University of Minnesota
School of Physics & Astronomy

Spotlight

The Spell of the Northern Lights

Professor Robert Lysak
Bob Lysak
Richard Anderson
                                                       

The aurora borealis, or Northern Lights have long been a subject of fascination in folklore and for those of us lucky enough to see them in northern latitudes. Professor Bob Lysak is a theoretician who has been studying the unique physics of aurora since the 1970’s. The classic model of the Aurora is that electrons trapped in the Earth’s magnetosphere are accelerated by quasi-static electric fields that form parallel to the Earth’s magnetic field and cause the light display.

Lysak has created an alternative model of the Aurora which insists that Alfven Waves, an oscillation that occurs along the lines of the Earth’s magnetosphere, play a part in delivering energy to the Aurora.

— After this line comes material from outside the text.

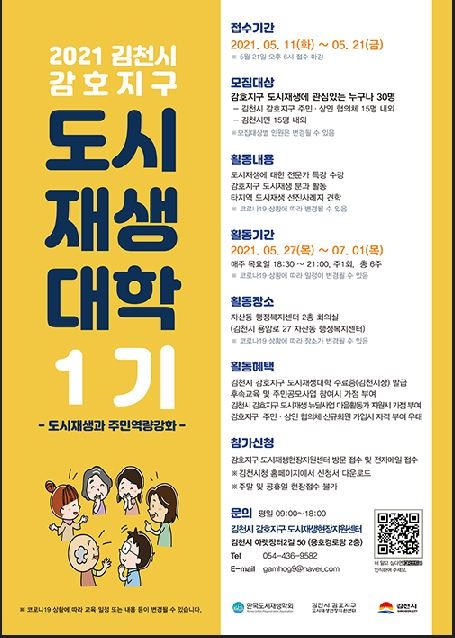 김천시(시장 김충섭)는 오는 5월 11일부터 21일까지 ‘2021년 김천시 감호지구 도시재생대학 1기’수강생을 모집한다고 밝혔다.이번 도시재생대학은 도시재생뉴딜사업의 일환으로 주민들의 참여와 역량강화를 위한 주민 스스로 참여하는 교육으로 5월 27일부터 7월 1일까지 매주 목요일 총 6주간 진행 될 예정이며, 코로나19 방역지침에 따라 참여인원은 최소화하여 도시재생에서 주민의 역할, 도시재생의 국내외 우수사례 등과 같은 전문가의 특강과 우수 선진지 답사, 감호지구 도시재생에 대한 주제로 이뤄진다.도시재생에 관심 있는 김천시민 누구나 신청 가능하며, 참여를 희망하는 시민은 감호지구 도시재생현장지원센터 방문 또는 전자메일(gamhog9@naver.com)을 통해 접수할 수 있다.또한, 자세한 사항은 김천시 홈페이지 확인 및 김천시 감호지구 도시재생현장지원센터(☎054-436-9582)를 통해 안내 받을 수 있다.김천시 관계자는 “이번 도시재생대학의 다양한 프로그램을 통해 주민역량을 강화하고, 하반기에도 도시재생대학이 운영 될 예정이니만큼 김천시민의 많은 관심과 적극적인 참여를 바란다”고 말했다.한편 감호지구 도시재생 뉴딜사업은 지난 2020년 4월 승인․고시되었으며 국비 141억원을 포함 총 263억원 투입하여 2024년 사업준공을 목표로 해피러닝어울림플랫폼, 은빛복지센터, 안심도로 및 공영주차장 조성 등을 통해 주민들의 삶의 질 향상과 도심기능 회복 및 지역경제 활성화를 추진하는 사업이다.
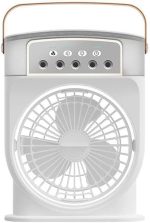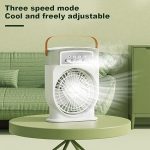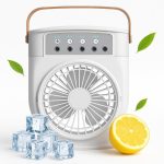 Şarjlı Mini Buharlı Hava Soğutucu, Taşınabilir Portatif Mobil Sulu Klima, 3 Rüzgar Hızı, 3 Sis Modu, Buzlu Vantilatör 5 Sprey Delikli ile LED Işıklı 26cm x 20cm – CRV-002 (CRV-002 – Beyaz)

Lysak’s model was borne out by data from the FAST satellite, which showed that patterns of acceleration that were more consistent with the Alfvén wave picture than what was predicted by the standard model of aurora physics.

Lysak explains that part of the problem with constructing a model of the physics of the Aurora is that the magnetosphere and ionosphere are not uniform. The ionosphere is so named because solar-radiation causes particles within it to lose electrons, that is, to become ionized. Due to the Earth’s gravitational field, the ionosphere has layers that vary in density at different altitudes. The Alfvén waves move through this plasma more slowly when it is more dense and more quickly where it is less dense. When plasma density falls off rapidly it creates a cavity where packets of Alfvén waves form, leading to the particle acceleration. The speed of Alfven waves increases exponentially above the ionosphere and can sometime hit relativistic speeds. Lysak has created a mathematical model to predict this ionospheric "weather."

Certain other space "weather" conditions such as the solar maximum, a cycle of Sun storms that peaks every eleven years, enable physicists and aurora enthusiasts alike to be able to see the strongest aurora in high northern latitudes, and correspondingly at high southern latitudes as well. Although electrons and ions hit the Earth’s atmosphere continuously, the large energies required to form a visible aurora are only kicked up when a storm on the Sun hits the Earth’s magnetosphere and disturbs it. Most aurora are diffuse and appear in the sky as a single colored haze. Occasionally more spectacular aurora will be visible that appear like a changing multi-hued light show in the sky. Lysak describes especially dynamic or “dancing” aurora lights as being Alfvenic, because the Alfven wave picture predicts more dynamic aurora than the standard static model. Lysak says that although we are now in the trough of the Sun storm cycle, the solar minimum, physicists believe that solar activity is again increasing and Northern Minnesota will once again be a good place to observe the Northern Lights.